The Euclidean distance calculating module is specifically configured to:
setting each forecast time window and extracting each corresponding historical time window in each historical day;
acquiring meteorological element values of each forecast time and each corresponding historical time window;
and calculating absolute errors of the meteorological elements in the time windows of each forecast time and each corresponding historical time, and determining Euclidean distances between each forecast time and the meteorological elements of each corresponding historical time in the forecast period by combining the pre-calculated meteorological element weight values and the standard deviations of the meteorological elements.
The calculation process of the meteorological element weight value in the Euclidean distance calculation module comprises the following steps:
inputting meteorological element values at corresponding historical moments into the BP neural network model to generate simulated power values;
adding a preset percentage to the meteorological element values at each corresponding historical moment, and taking the meteorological element values into a BP neural network model to generate simulated value-added power;
subtracting a preset percentage from the meteorological element value at each corresponding historical moment, and introducing the meteorological element value into the BP neural network model to generate simulated subtracted value power;
based on the analog increment power and the analog decrement power, and combining an MIV variable screening algorithm, generating an influence change value of an analog power value;
calculating an average influence change value according to influence change values of a plurality of preset forecast moments, and determining a weather element weight value based on the average influence change value;
the BP neural network model is obtained by training with a meteorological element numerical mode as input and historical photovoltaic power generation actual power as output.

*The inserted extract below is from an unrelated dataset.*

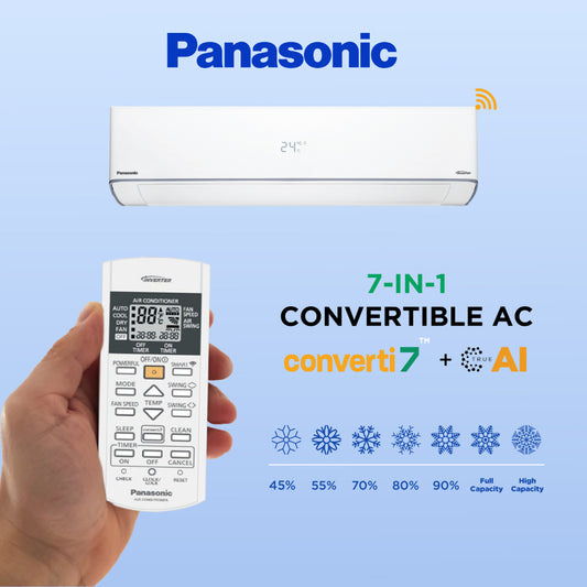 Panasonic 1.5 Ton 3 Star Inverter Split AC (100% Copper, 7 in 1 Convertible, 2 Way Swing, CS/CU-RU18AKY,2024 Model
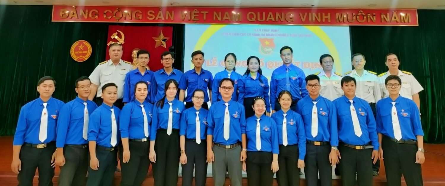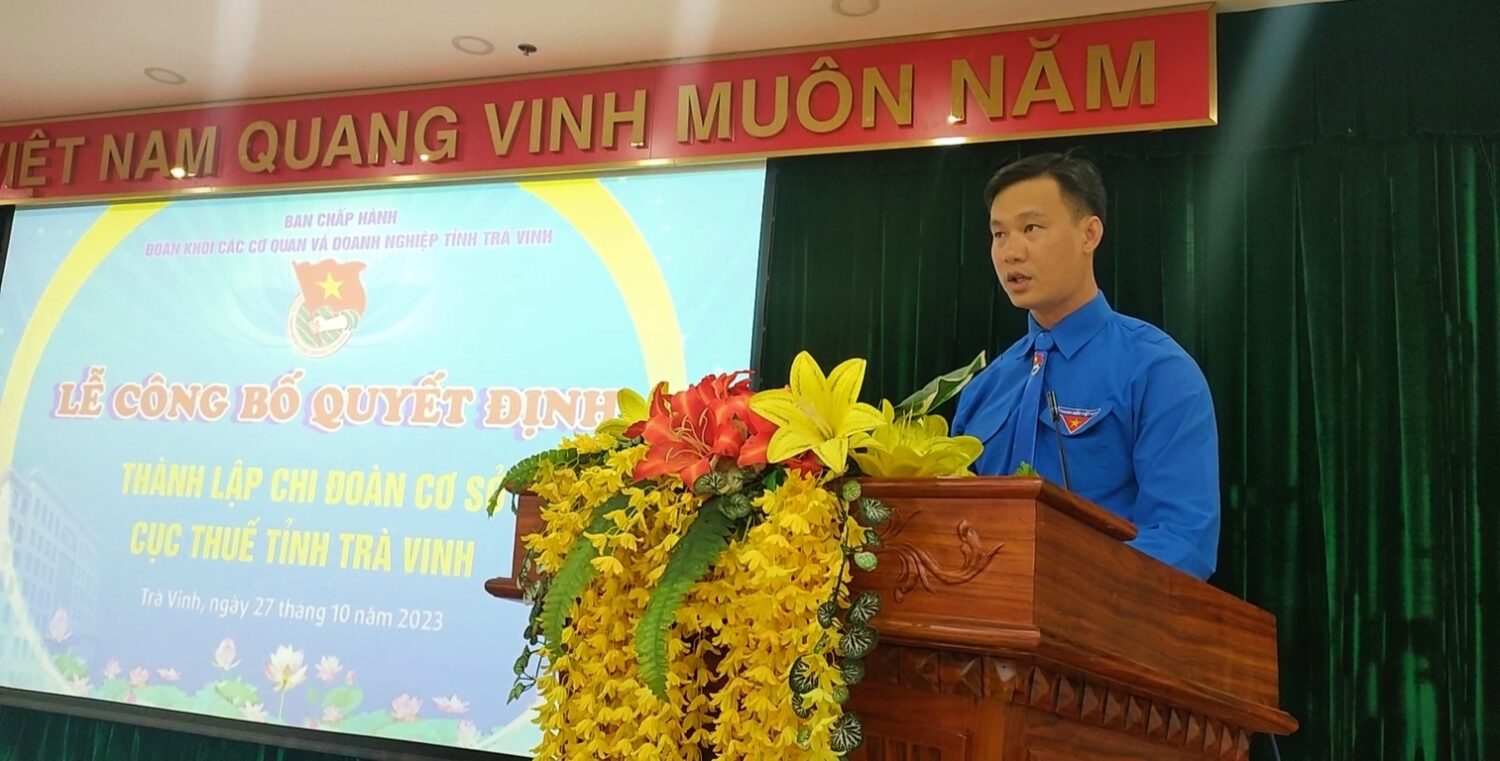 Chiều ngày 27/10/2023, tại Hội trường Cục thuế Trà Vinh. Ban Thường vụ Đoàn khối phối hợp Đảng ủy Cục thuế tổ chức lễ công bố trao quyết định thành lập Chi đoàn cơ sở Cục thuế Trà Vinh. Tham dự có các đồng chí: Dương Thị Yến Nhi – UVBTV, Trưởng ban Tổ chức – Kiểm tra Tỉnh đoàn; đồng chí Nguyễn Trọng Nhân – UVBTV Tỉnh đoàn, Bí thư Đoàn khối; đồng chí Trần Công Thành – Bí thư Đảng ủy Cục thuế tỉnh Trà Vinh; đồng chí Phạm Quốc Dũng – Cục trưởng Cục thuế Trà Vinh; đồng chí Nguyễn Văn Ngoan – Phó chủ tịch Công đoàn cơ sở Cục thuế tỉnh Trà Vinh; đồng chí Cao Văn Minh – Chủ tịch Hội cựu chiến binh Cục thuế tỉnh Trà Vinh; các đồng chí ủy viên BCH Đảng bộ Cục thuế; cùng các đồng chí trong Ban Thường vụ Đoàn khối; đoàn viên Chi đoàn Cục thuế cùng tham dự.

The Euclidean distance calculating module calculates Euclidean distances between each forecasting time and each meteorological element corresponding to the historical time in the forecasting time period according to the following formula:
wherein,for the Euclidean distance between the ith forecast time and the weather element of the corresponding historical time in the forecast period, t' i For the ith forecast moment, t i For the i-th corresponding history time, +.>Weather element value for the i < th > forecast moment, <>For the weather element value, ω, at the i-th corresponding historical time m The weight value delta of the meteorological element m m For modeling the standard deviation of the meteorological element m in the sample dataset, m is the meteorological element value.
The meteorological element of the Euclidean distance calculation module at least comprises one or more of the following: total irradiance, direct irradiance, scattered irradiance, component temperature, average wind speed, average wind direction, ambient temperature, and relative humidity.
The photovoltaic power generation prediction power weight calculation module calculates a weight value corresponding to an actual power value of photovoltaic power generation according to the following formula:
wherein eta s The weight value corresponding to the s-th photovoltaic power generation actual power value, t s For the corresponding historical time of s, the value range of s is [1,2, 3. ], j]J is the total number of the preset number,the Euclidean distance between the s-th forecasting time and the weather element of the corresponding historical time in the forecasting period.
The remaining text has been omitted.